3

As part of a Java based web app, I'm going to be accepting uploaded .xls & .csv (and possibly other types of) files. Each file will be uniquely renamed with a combination of parameters and a timestamp.

I'd like to be able to identify any duplicate files. By duplicate I mean, the exact same file regardless of the name. Ideally, I'd like to be able to detect the duplicates as quickly as possible after the upload, so that the server could include this info in the response. (If the processing time by file size doesn't cause too much of a lag.)

I've read about running MD5 on the files and storing the result as unique keys, etc... but I've got a suspicion that there's a much better way. (Is there a better way?)

Any advice on how best to approach this is appreciated.

Thanks.

UPDATE: I have nothing at all against using MD5. I've used it a few times in the past with Perl (Digest::MD5). I thought that in the Java world, another (better) solution might have emerged. But, it looks like I was mistaken.

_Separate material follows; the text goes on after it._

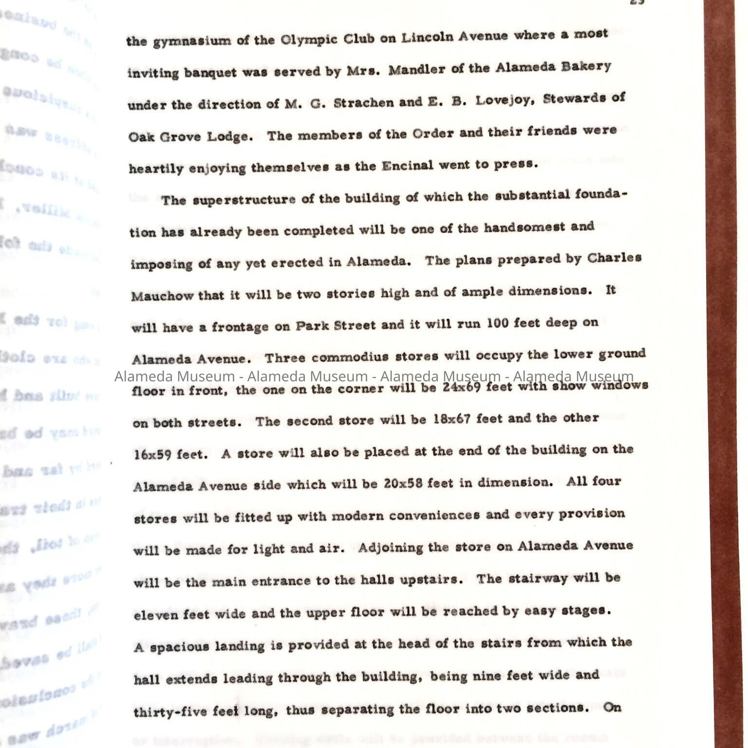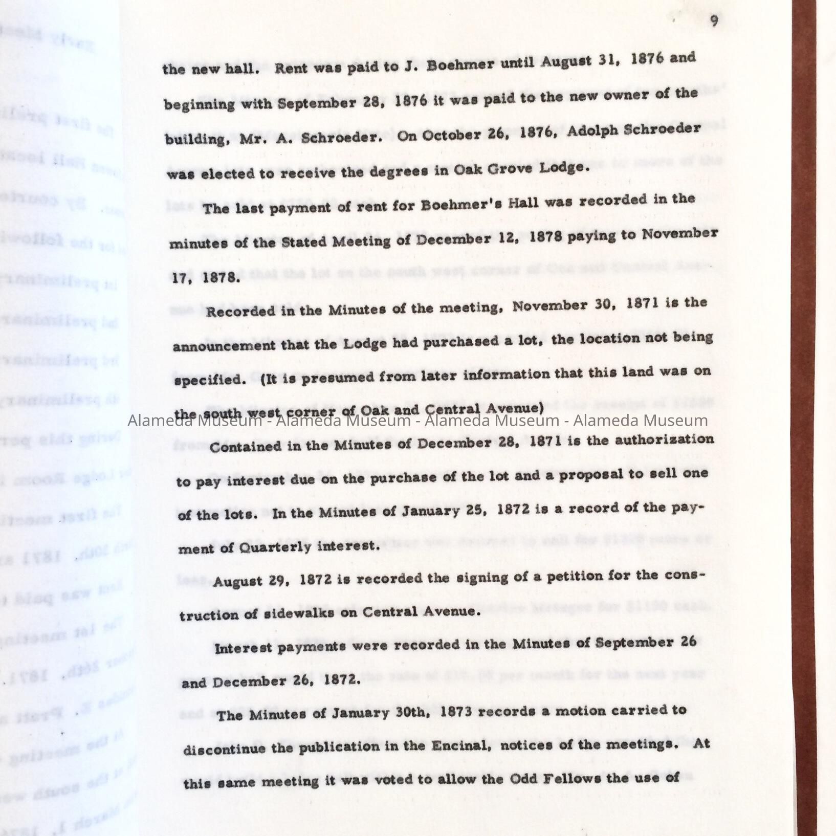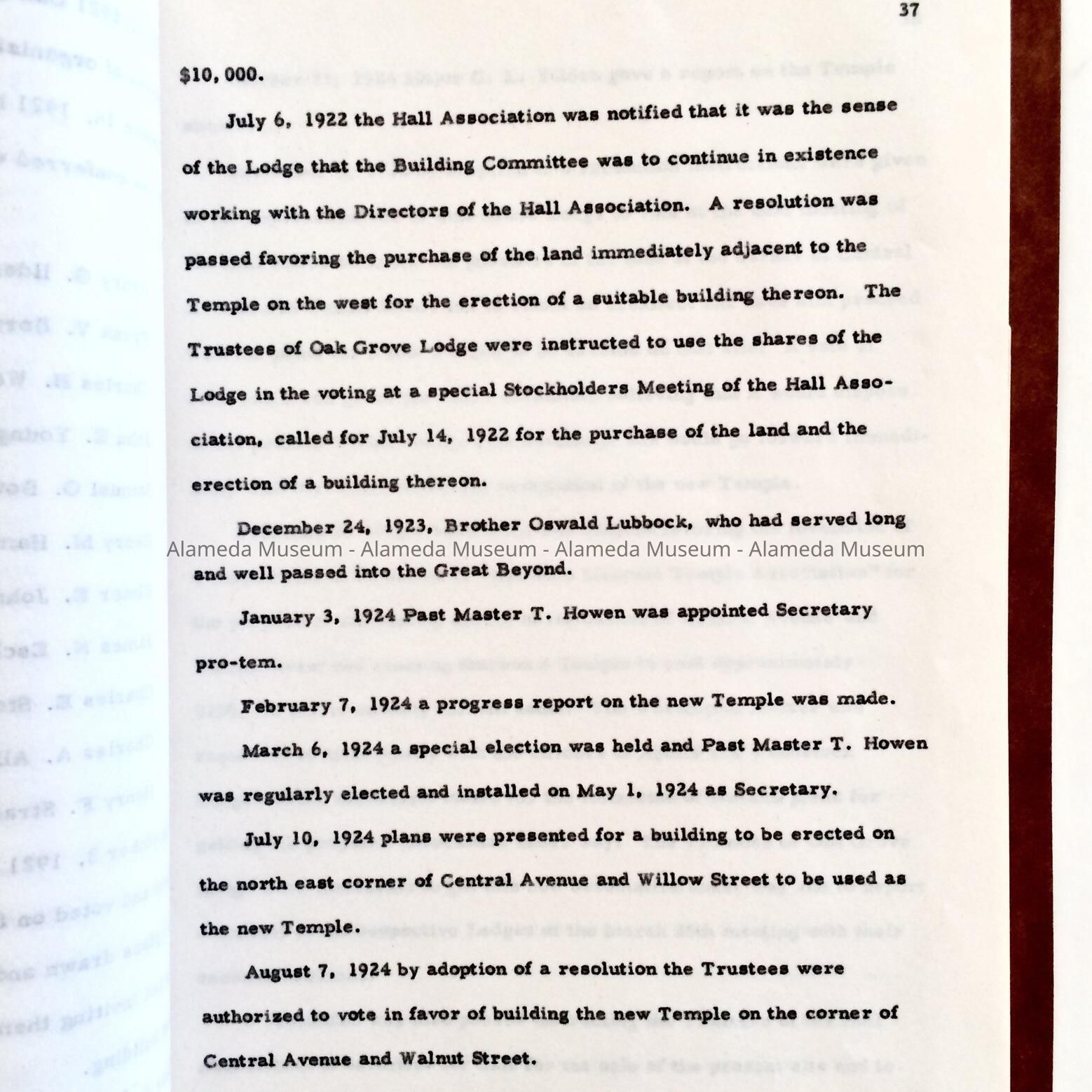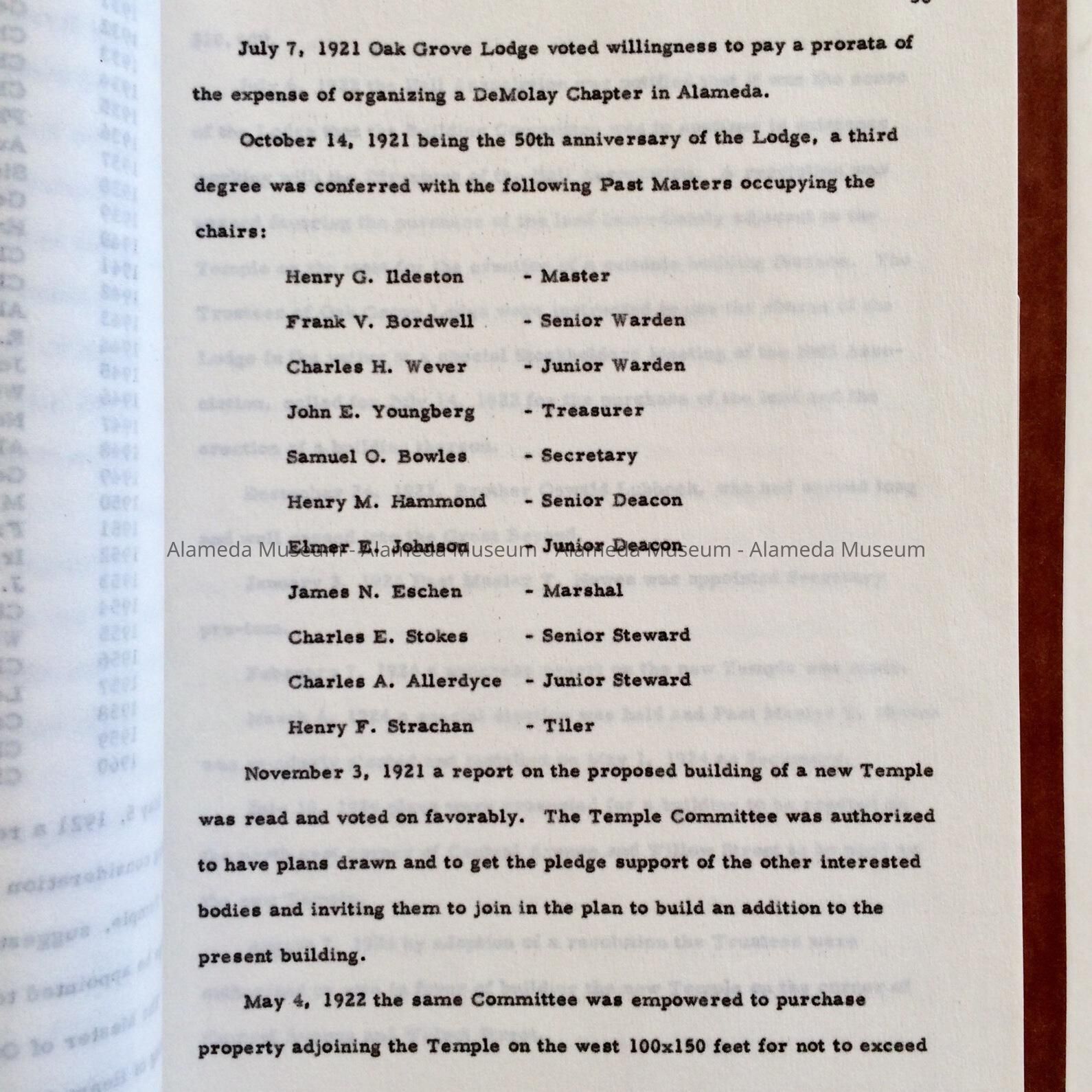 Description: Forty-three page carbon copy history contained in a loose leaf soft cover jacket. The Jacket (or coverlet) is brown colored tagboard. Cover has typewritten caption on white colored paper "Masonry in Alameda to 1960".

Thank you all for the answers and comments. I'm feeling pretty good about using MD5 now.

S.Jones
  • 1,145
  • 2
  • 12
  • 28
  • As you noted, storing a hash of the file is a good solution. – Kirk Woll Sep 15 '10 at 20:45
  • Calculating a hash was what I was going to suggest. Why don't you think it's a good approach? – Jack Leow Sep 15 '10 at 20:56
  • MD5/SHA is a great solution. If you're ultra worried about preventing false negatives (by which I mean improperly declaring the file as a duplicate) you could start by comparing by digest and then if they're a match compare byte-by-byte. False negatives would really only happen as the result of deliberate malicious attempts at collisions though. – Mark Peters Sep 15 '10 at 20:58
  • By the way, isn't this the entire philosophy behind certain versioning systems like git? If it's good enough for git, it's good enough for me. – Mark Peters Sep 15 '10 at 21:00
  • @Maurice "What's wrong with md5?" - nothing at all. I've used it few times in the past (in a slightly different capacity) with Perl. I thought that in the Java world, another (better) solution might have emerged. But, based on the responses so far... it clearly looks like I was mistaken. – S.Jones Sep 16 '10 at 00:06
  • @Mark I wasn't aware that this was the approach behind Git. That's very good to know - Thanks. – S.Jones Sep 16 '10 at 00:11

2 Answers2

6

While processing uploaded files, decorate the OutputStream with a DigestOutputStream so that you can calculate the digest of the file while writing. Store the final digest somewhere along with the unique identifier of the file (in hex as part of filename maybe?).

BalusC
  • 1,082,665
  • 372
  • 3,610
  • 3,555
1

You only need to add a method like this to your code and you're done. There's probably no better way. All the work is already done by the Digest API.

public static String calc(InputStream is ) {
        String output;
        int read;
        byte[] buffer = new byte[8192];

        try {
            MessageDigest digest = MessageDigest.getInstance("SHA-256"); //"MD5");
            while ((read = is.read(buffer)) > 0) {
                digest.update(buffer, 0, read);
            }
            byte[] hash = digest.digest();
            BigInteger bigInt = new BigInteger(1, hash);
            output = bigInt.toString(16);

        } 
        catch (Exception e) {
            e.printStackTrace( System.err );
            return null;
        }
        return output;
    }
stacker
  • 68,052
  • 28
  • 140
  • 210